Август, гремя костями на деревянном ложе, стремительно лёг на другой бок и вперил в жену пронзительный взгляд.
– С чем это я согласен?
Ливия с чувственной грацией юной женщины подойдя к супругу, осторожным и мягким жестом поправила подушку под головой принцепса. Потом, легко касаясь пальцами, разгладила на его лице насупленные брови и заботливым движением рук одёрнула на Августе тунику. Он, уже досадуя на своё раздражение, виновато буркнул:
– Ливия, ты же знаешь, как мне приятно твоё присутствие рядом. Но сегодня я очень занят…Впрочем, ты хотела что-то сказать?
– Я уже сомневаюсь: угодно ли будет любимому супругу узнать об этом…
– Сядь на моё ложе…дай руки. А теперь, если ты хочешь вновь говорить о Тиберии, то я согласен…
– Нет-нет, я о другом. Ко мне только что обратились две юные гречанки благородного звания, искусные в любви, чтобы я представила их Цезарю…– и она многозначительно улыбнулась принцепсу.

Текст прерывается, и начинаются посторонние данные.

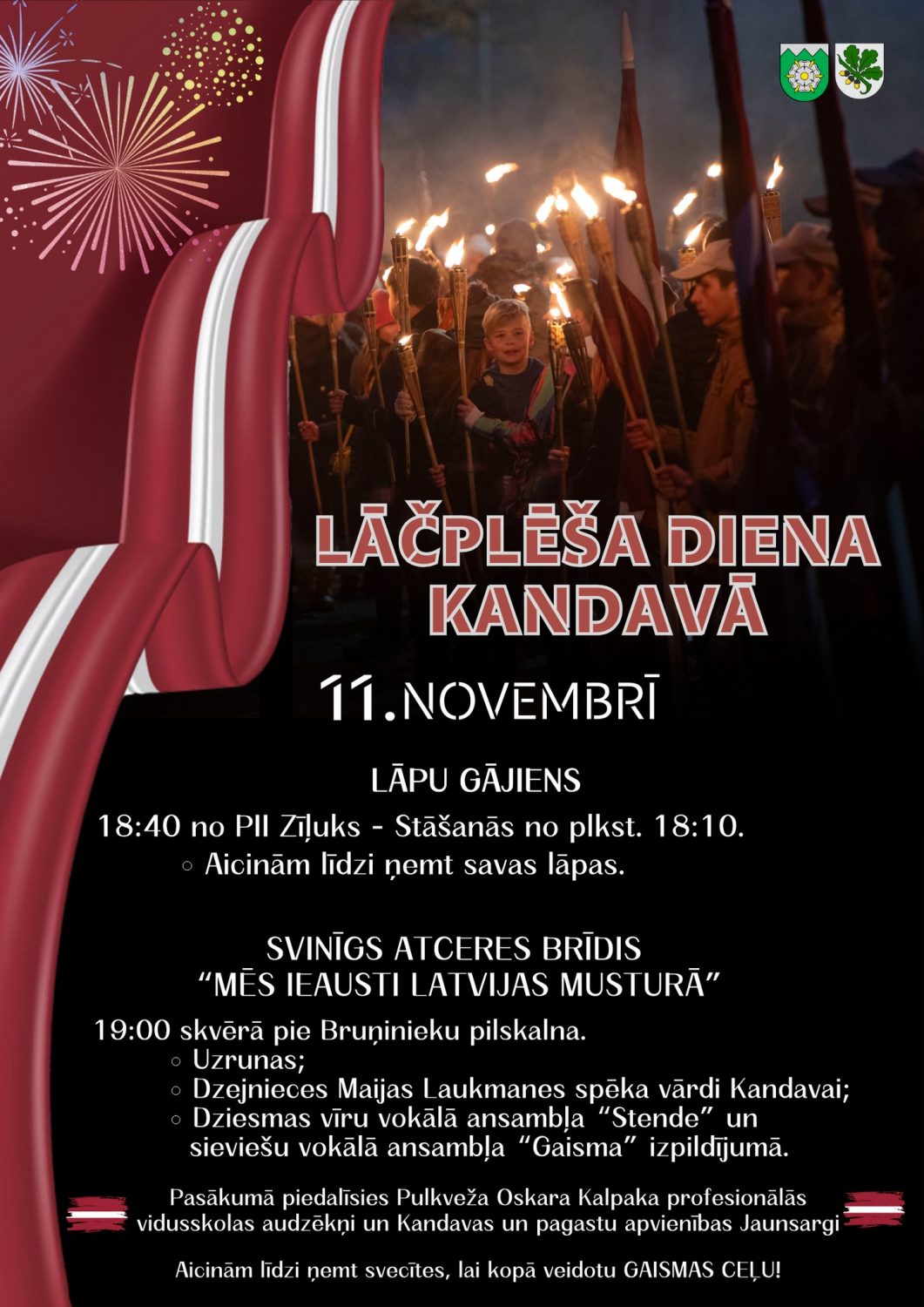 • Kandavas pilsētā – plkst. 18:40 Lāčplēša dienas lāpu gājiens. Pulcēšanās pie PII “Zīļuks” (Raiņa iela 14, Kandava) plkst. 18:10, pēc tam svinīgais piemiņas brīdis “Mēs ieausti Latvijas musturā” pie Bruņinieku pilskalna.

Тот откинулся на подушку и оглушительно расхохотался, сильно стуча ладонями по ложу.
– Нет, Ливия, нет! Я давно заболел целомудрием! И боюсь, что эта болезнь привязалась ко мне навсегда! – Он схватил её за руки и со слезами благодарности на глазах воскликнул: – О, прекрасная моя супруга, как я счастлив, что боги подарили мне тебя!
Август начал целовать её изящные пальцы, она же, склонившись к нему, тихо прошептала:
– Я знаю: ты написал новое завещание.
Август со вздохом огорчения отвернулся от неё и пробормотал:
– Ливия, ты была бы прекрасней в тысячу раз, если бы не вмешивалась в мои государственные дела.